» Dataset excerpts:
┄┄┄┄┄┄┄┄┄┄
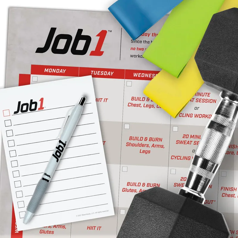 For a quick overview of the program and your workout schedule, check out the Job 1 Get Started Guide and Calendar. The program also includes a Job 1 Notepad, where you can check off your workouts as a daily commitment to yourself. You’ll need light, medium, and heavy dumbbells, as well as resistance loops. A stationary bike is optional, but you’ll need one if you want to do Jennifer’s bonus cycling workouts. Looking to add a stationary bike to your workout setup? Visit Beachbody.MYXFitness.com to learn more about the MYX Home Studio.*
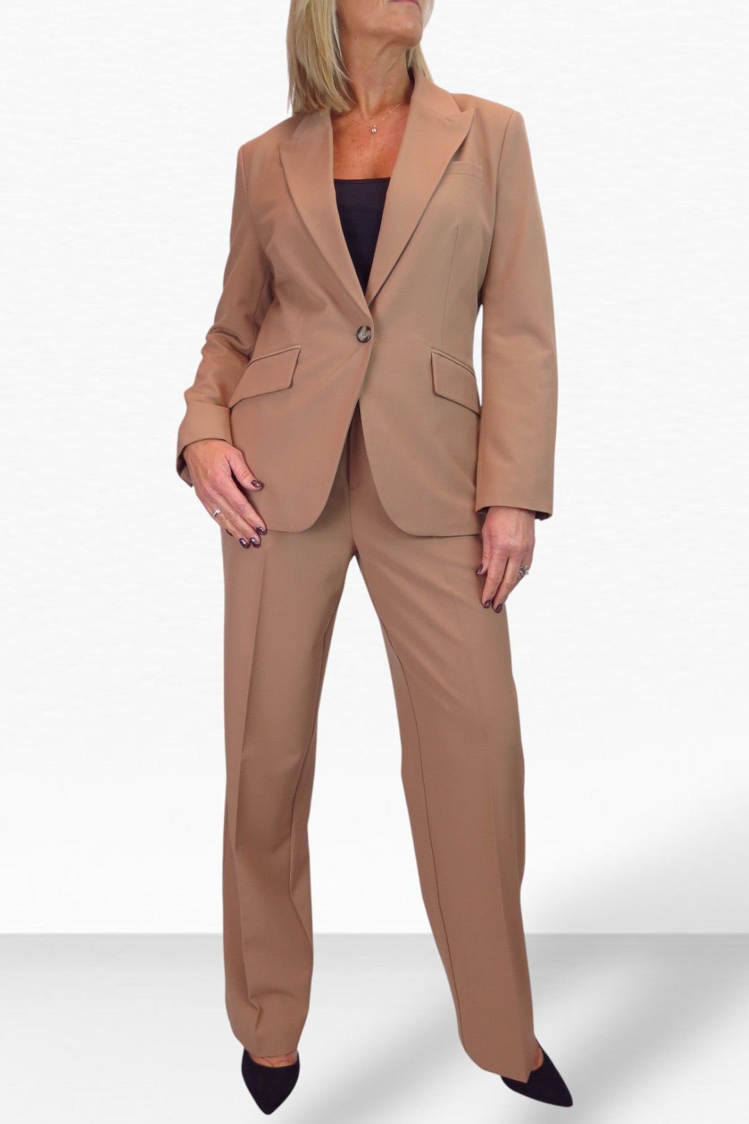 Stylish tan tailored trouser suit for women made from a soft stretch suiting fabric. The set includes a blazer with structured shoulder pads and a single large button, paired with matching trousers. Fully machine washable for easy care.
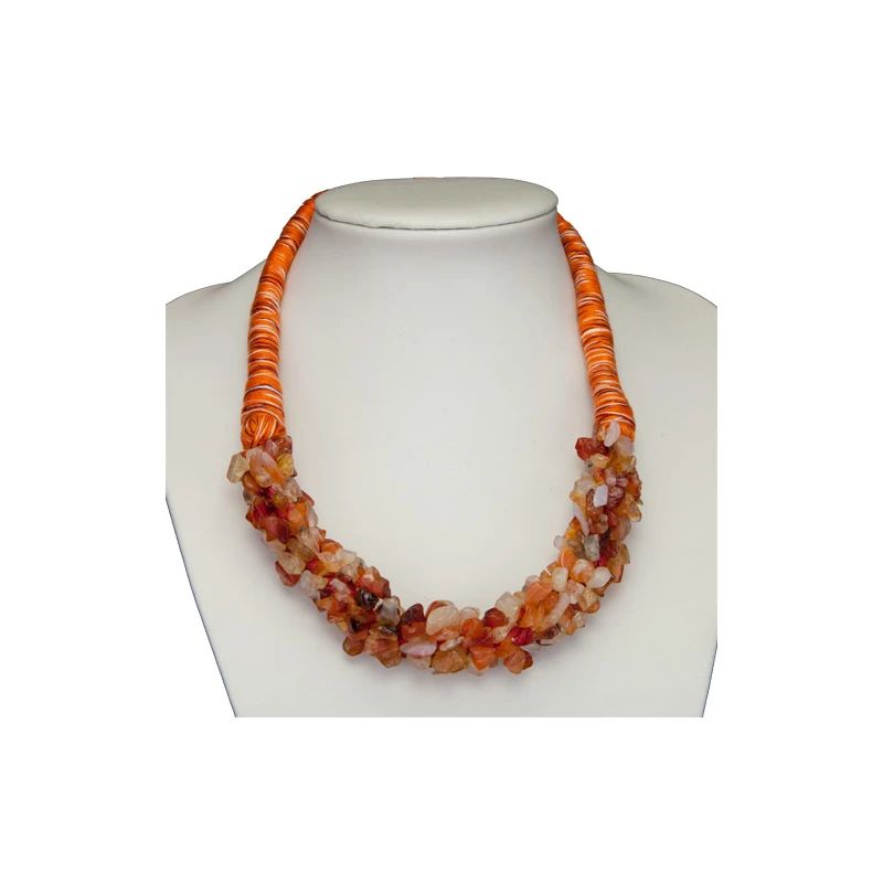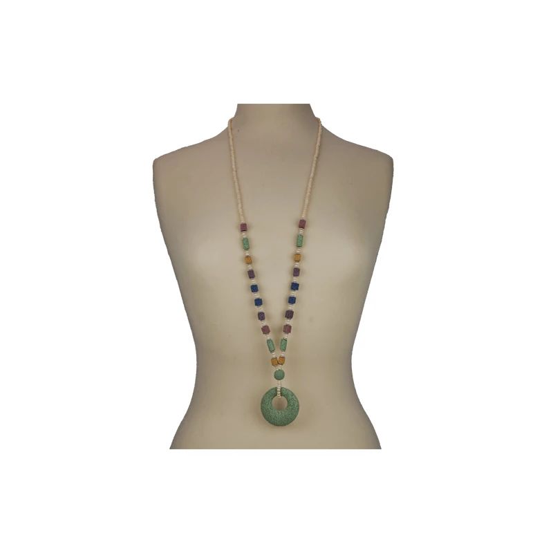 Lange Zuchtperlenkette mit Fantasyperlen, 120cm, Türkis-Orange-Creme
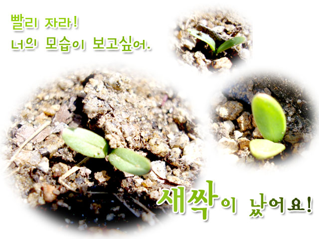 어린이들은 그림자에 검정색을 입힙니다. 그것이 좀 더 그림자스러워지기를 바랬기 때문에 어린이들은 그림자를 그렇게 관찰했었나 봅니다. 벽위에서 보여 지는 그림자 대신 밖에 나가 자연의 빛으로 생긴 그림자를 관찰해 보는 것도 어린이들에게 그림자에 대한 새로운 궁금증을 안겨 주지 않을까요?★싹이 났어요★
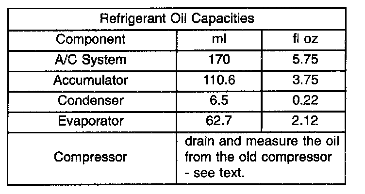 Refrigerant oil must be added when a accumulator, evaporator coil, or condenser are replaced. See the Refrigerant Oil Capacities chart. When a compressor is replaced, the refrigerant oil must be drained from the old compressor and measured. Drain all of the refrigerant oil from the new compressor, then fill the new compressor with the same amount of refrigerant oil that was drained out of the old compressor.
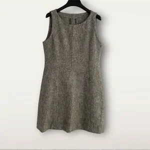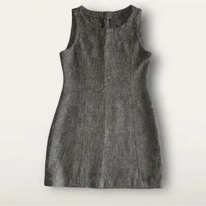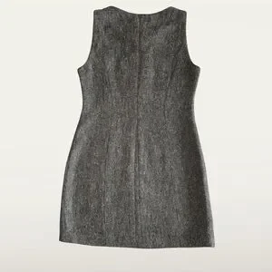 🛍️SALE🛍️ Custom-Tailored Black and Gray Wool Tweed Shift Sleeveless Dress
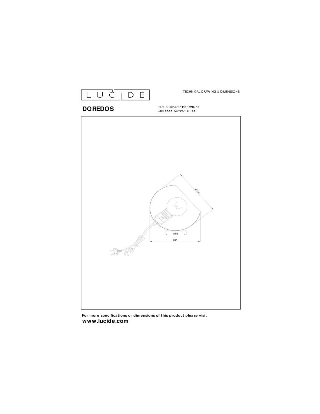 • Consommation énergétique: 1x25W / 230V / Sans intensité variable (Ampoule non incluse)
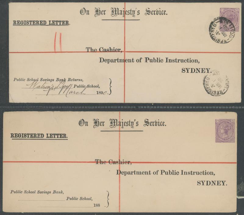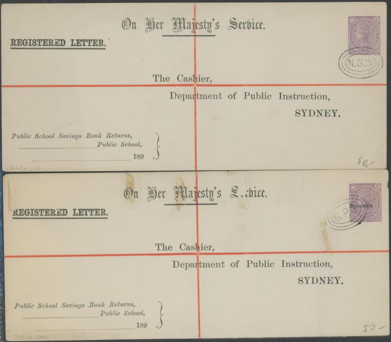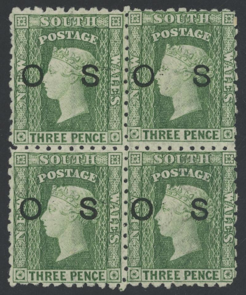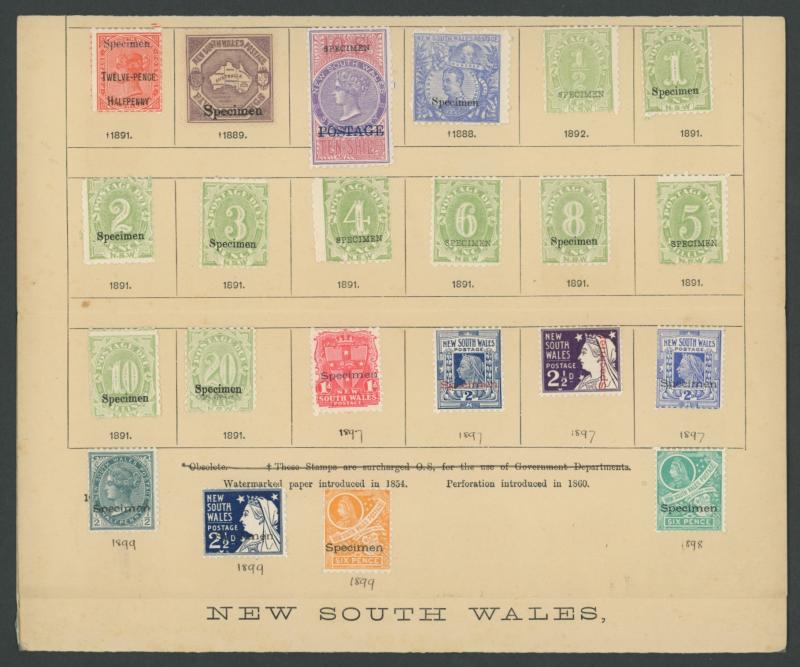 violet 'OS'-in-Die unused, postally used x11 one with superb 'TRAVELLING P.O.NORTH/NSW' transit cds on the face, CTO x2 and 'SPECIMEN' overprint, QV 6d red 'OS'-in-Die unused, used x8, CTO x2 and 'SPECIMEN' overprint x9, and Captain Cook 5d green
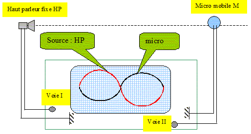 Onde sonore. Texte : Analyse : Question relative à l'état vibratoire du point M( micro) et de la source (HP) ? Ces points vibrent en opposition de phase : ils sont donc séparés par un nombre impair de demi longueur d'onde. On note L la distance haut parleur micro : L = (2n+1) ½l avec n entier positif ou nul. Question relative à la longueur d'onde. Si f = 1000 Hz et si L =0,675 m, on observe pour la 2è fois l'allure de cet oscillogramme, le micro s'éloigant depuis la source. l = 2L/(2n+1) =avec dans ce cas n=1 d'où l = 2*0,675/3 = 0,45 m.
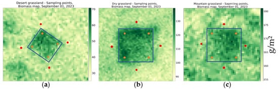 The predicted biomass map and time series analysis points on 1 September 2023. The color scale indicates the biomass values. (a) Desert grassland, (b) dry grassland, and (c) mountain grassland.
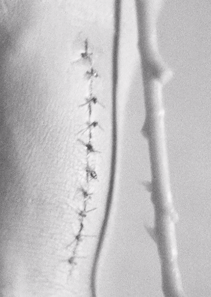 這場手術令她更肯定,每個人的苦痛只屬於自己,猶如「一個人的手術室」,誠如魯迅所說,「人類的悲歡並不相通」。她以影像呈現出這種領悟,雖然手術過程百般痛苦,然而呈現出來的影像卻是柔和而平靜的。踏入展覽現場,目光被地上的照片裝置作品吸引,偌大的傷疤照片浸泡在水中,赤裸裸的傷痕在花瓣的襯托下,竟有一種淡然的美感。「花瓣猶如皮膚,它的分解好像切開腳背之後取走腫瘤,模仿在手術台上的感覺。 」
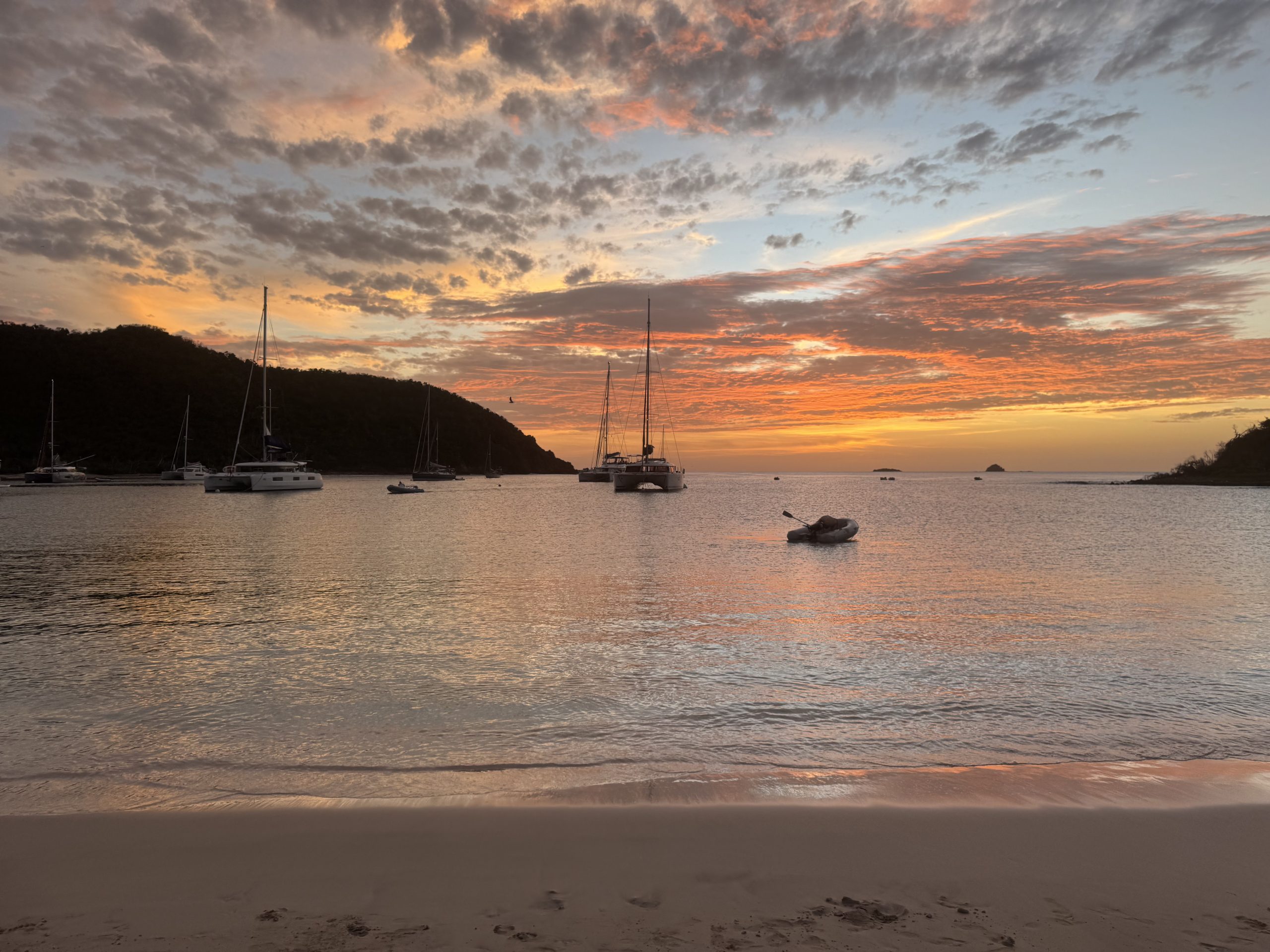 On largue les amarres en fin de matinée, direction l’île de Silhouette. Le vent est doux, la navigation facile. À l’arrivée, on découvre une île sauvage, sans voiture, sans port, accessible uniquement en bateau. On a l’impression d’avoir mis les pieds dans un décor de cinéma. On mouille dans une crique protégée, seuls au monde. Premier apéro sur le pont, premières baignades au coucher du soleil.
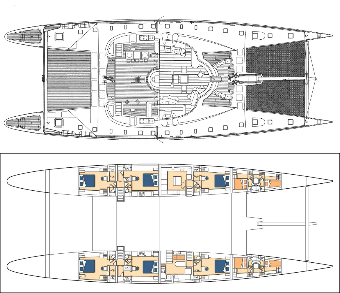 This catamaran schooner – the largest in the world – offers a perfectly stable platform for your charter and the sort of guest deck spaces you would expect to find on a much larger motor yacht. Add to that a draft of just 3m (9.2ft), which allows you to explore the picture-postcard lagoons and anchorages out of bounds to motor yachts.
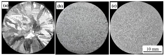 Macrostructures of A99.7 refined using the Al-5Ti-0.62C master alloy. (a) Without master alloy; (b) 0.2%; (c) 0.3%.
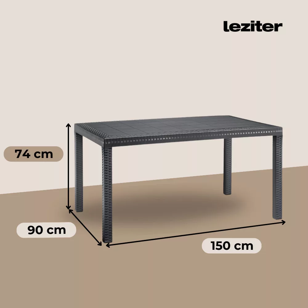 Wyprodukowany we Włoszech, grafitowy, wygodny i stylowy prostokątny stół z rattanu o wymiarach 150 x 90 x 74 cm. Wykonany z tworzywa sztucznego odpornego na warunki atmosferyczne, może być również umieszczony przy basenie. Ten ponadczasowy mebel będzie wyglądał jak nowy przez wiele lat. Łatwy w montażu, nie wymaga profesjonalnej wiedzy.
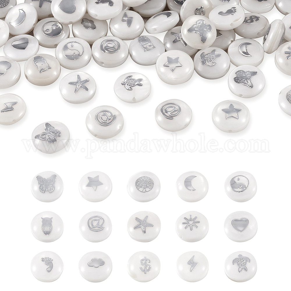 60 шт 15 стили натуральные пресноводные бусины из ракушек, с металлическими украшениями из латуни с платиновым покрытием, плоско-круглые
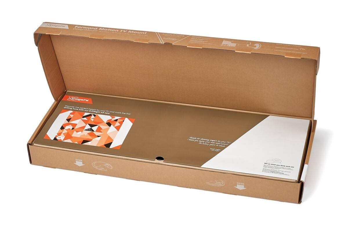 TV držák DesignMount má důmyslný čtyřramenný mechanismus s dlouhými a silnými nosnými rameny. Díky tomu má velký rozsah pohybu dopředu a umožňuje posunout televizor až o 72 cm od stěny. Ideální pro montáž do skříňky nebo výklenku.
┄┄┄┄┄┄┄┄┄┄
Make an exact copy of the records above, with the pictures left out.

» WRITTEN ANSWER:
 For a quick overview of the program and your workout schedule, check out the Job 1 Get Started Guide and Calendar. The program also includes a Job 1 Notepad, where you can check off your workouts as a daily commitment to yourself. You’ll need light, medium, and heavy dumbbells, as well as resistance loops. A stationary bike is optional, but you’ll need one if you want to do Jennifer’s bonus cycling workouts. Looking to add a stationary bike to your workout setup? Visit Beachbody.MYXFitness.com to learn more about the MYX Home Studio.*
 Stylish tan tailored trouser suit for women made from a soft stretch suiting fabric. The set includes a blazer with structured shoulder pads and a single large button, paired with matching trousers. Fully machine washable for easy care.
 Lange Zuchtperlenkette mit Fantasyperlen, 120cm, Türkis-Orange-Creme
 어린이들은 그림자에 검정색을 입힙니다. 그것이 좀 더 그림자스러워지기를 바랬기 때문에 어린이들은 그림자를 그렇게 관찰했었나 봅니다. 벽위에서 보여 지는 그림자 대신 밖에 나가 자연의 빛으로 생긴 그림자를 관찰해 보는 것도 어린이들에게 그림자에 대한 새로운 궁금증을 안겨 주지 않을까요?★싹이 났어요★
 Refrigerant oil must be added when a accumulator, evaporator coil, or condenser are replaced. See the Refrigerant Oil Capacities chart. When a compressor is replaced, the refrigerant oil must be drained from the old compressor and measured. Drain all of the refrigerant oil from the new compressor, then fill the new compressor with the same amount of refrigerant oil that was drained out of the old compressor.
 🛍️SALE🛍️ Custom-Tailored Black and Gray Wool Tweed Shift Sleeveless Dress
 • Consommation énergétique: 1x25W / 230V / Sans intensité variable (Ampoule non incluse)
 violet 'OS'-in-Die unused, postally used x11 one with superb 'TRAVELLING P.O.NORTH/NSW' transit cds on the face, CTO x2 and 'SPECIMEN' overprint, QV 6d red 'OS'-in-Die unused, used x8, CTO x2 and 'SPECIMEN' overprint x9, and Captain Cook 5d green
 Onde sonore. Texte : Analyse : Question relative à l'état vibratoire du point M( micro) et de la source (HP) ? Ces points vibrent en opposition de phase : ils sont donc séparés par un nombre impair de demi longueur d'onde. On note L la distance haut parleur micro : L = (2n+1) ½l avec n entier positif ou nul. Question relative à la longueur d'onde. Si f = 1000 Hz et si L =0,675 m, on observe pour la 2è fois l'allure de cet oscillogramme, le micro s'éloigant depuis la source. l = 2L/(2n+1) =avec dans ce cas n=1 d'où l = 2*0,675/3 = 0,45 m.
 The predicted biomass map and time series analysis points on 1 September 2023. The color scale indicates the biomass values. (a) Desert grassland, (b) dry grassland, and (c) mountain grassland.
 這場手術令她更肯定,每個人的苦痛只屬於自己,猶如「一個人的手術室」,誠如魯迅所說,「人類的悲歡並不相通」。她以影像呈現出這種領悟,雖然手術過程百般痛苦,然而呈現出來的影像卻是柔和而平靜的。踏入展覽現場,目光被地上的照片裝置作品吸引,偌大的傷疤照片浸泡在水中,赤裸裸的傷痕在花瓣的襯托下,竟有一種淡然的美感。「花瓣猶如皮膚,它的分解好像切開腳背之後取走腫瘤,模仿在手術台上的感覺。 」
 On largue les amarres en fin de matinée, direction l’île de Silhouette. Le vent est doux, la navigation facile. À l’arrivée, on découvre une île sauvage, sans voiture, sans port, accessible uniquement en bateau. On a l’impression d’avoir mis les pieds dans un décor de cinéma. On mouille dans une crique protégée, seuls au monde. Premier apéro sur le pont, premières baignades au coucher du soleil.
 This catamaran schooner – the largest in the world – offers a perfectly stable platform for your charter and the sort of guest deck spaces you would expect to find on a much larger motor yacht. Add to that a draft of just 3m (9.2ft), which allows you to explore the picture-postcard lagoons and anchorages out of bounds to motor yachts.
 Macrostructures of A99.7 refined using the Al-5Ti-0.62C master alloy. (a) Without master alloy; (b) 0.2%; (c) 0.3%.
 Wyprodukowany we Włoszech, grafitowy, wygodny i stylowy prostokątny stół z rattanu o wymiarach 150 x 90 x 74 cm. Wykonany z tworzywa sztucznego odpornego na warunki atmosferyczne, może być również umieszczony przy basenie. Ten ponadczasowy mebel będzie wyglądał jak nowy przez wiele lat. Łatwy w montażu, nie wymaga profesjonalnej wiedzy.
 60 шт 15 стили натуральные пресноводные бусины из ракушек, с металлическими украшениями из латуни с платиновым покрытием, плоско-круглые
 TV držák DesignMount má důmyslný čtyřramenný mechanismus s dlouhými a silnými nosnými rameny. Díky tomu má velký rozsah pohybu dopředu a umožňuje posunout televizor až o 72 cm od stěny. Ideální pro montáž do skříňky nebo výklenku.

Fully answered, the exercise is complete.